* Task prompt *
Reproduce every line of the material below, but drop the pictures.

[Opening Recorded data section]

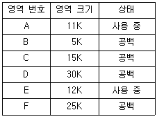 44. 주기억장치 배치 전략 기법으로 First Fit 방법을 사용할 경우, 다음과 같은 기억장소 리스트에서 10K 크기의 작접은 어느 영역에 할당되는가?(단, 탐색은 위에서 아래로 한다.)
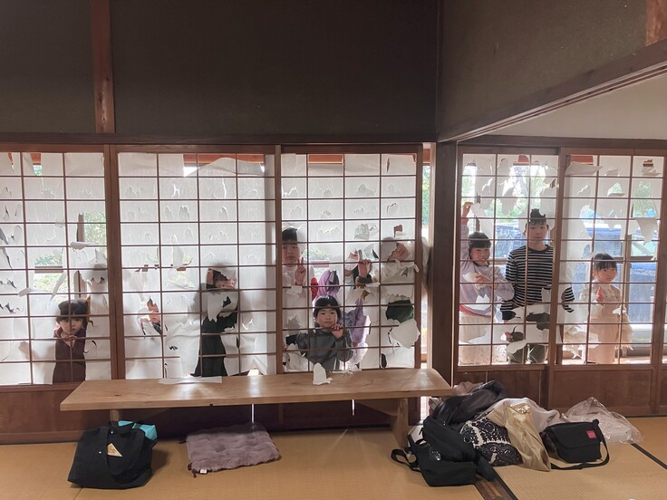 障子はりかえ前のグッドタイミングに遊びにきてくれたみんな。
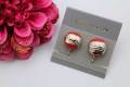 直径:約15mm重量:2g流れ星をイメージした金銀を絵付けし赤釉とのコントラストがとてもよく合う有田焼のイヤリングができました。
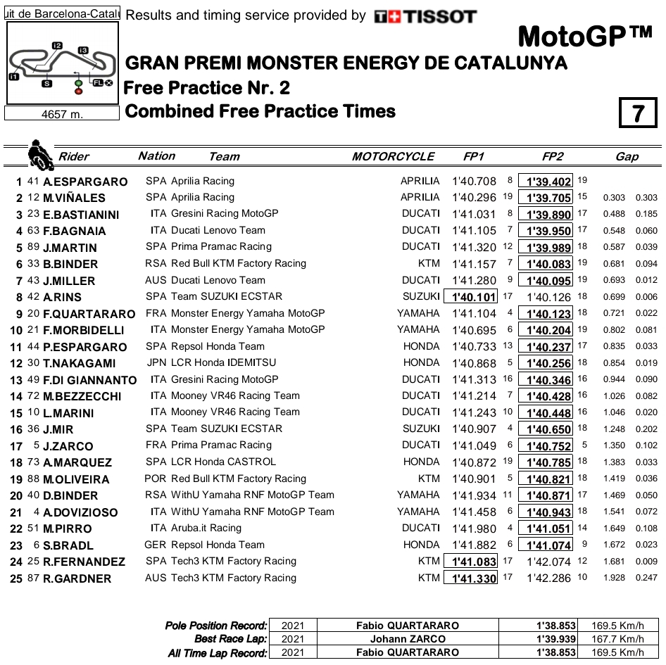 Pecco harus mengakui keunggulan duo pembalap Aprilia Racing Team, Aleix Espargaro tercepat disusul rekan setimnya Maverick Vinales di urutan kedua. Bagnaia pun tertinggal sekitar setengah detik.
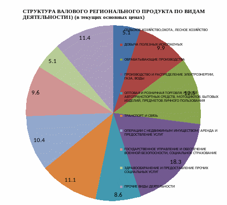 В структуре валового регионального продукта в 2009 г. основными видами экономической деятельности являлись: производство и распределение электроэнергии, газа и воды – 16,3%; обрабатывающие производства – 12,5, транспорт и связь – 11,1; оптовая и розничная торговля; ремонт автотранспортных средств, мотоциклов, бытовых изделий и предметов личного пользования – 8,6%.

[Closing Recorded data section]

* Task result *
 44. 주기억장치 배치 전략 기법으로 First Fit 방법을 사용할 경우, 다음과 같은 기억장소 리스트에서 10K 크기의 작접은 어느 영역에 할당되는가?(단, 탐색은 위에서 아래로 한다.)
 障子はりかえ前のグッドタイミングに遊びにきてくれたみんな。
 直径:約15mm重量:2g流れ星をイメージした金銀を絵付けし赤釉とのコントラストがとてもよく合う有田焼のイヤリングができました。
 Pecco harus mengakui keunggulan duo pembalap Aprilia Racing Team, Aleix Espargaro tercepat disusul rekan setimnya Maverick Vinales di urutan kedua. Bagnaia pun tertinggal sekitar setengah detik.
 В структуре валового регионального продукта в 2009 г. основными видами экономической деятельности являлись: производство и распределение электроэнергии, газа и воды – 16,3%; обрабатывающие производства – 12,5, транспорт и связь – 11,1; оптовая и розничная торговля; ремонт автотранспортных средств, мотоциклов, бытовых изделий и предметов личного пользования – 8,6%.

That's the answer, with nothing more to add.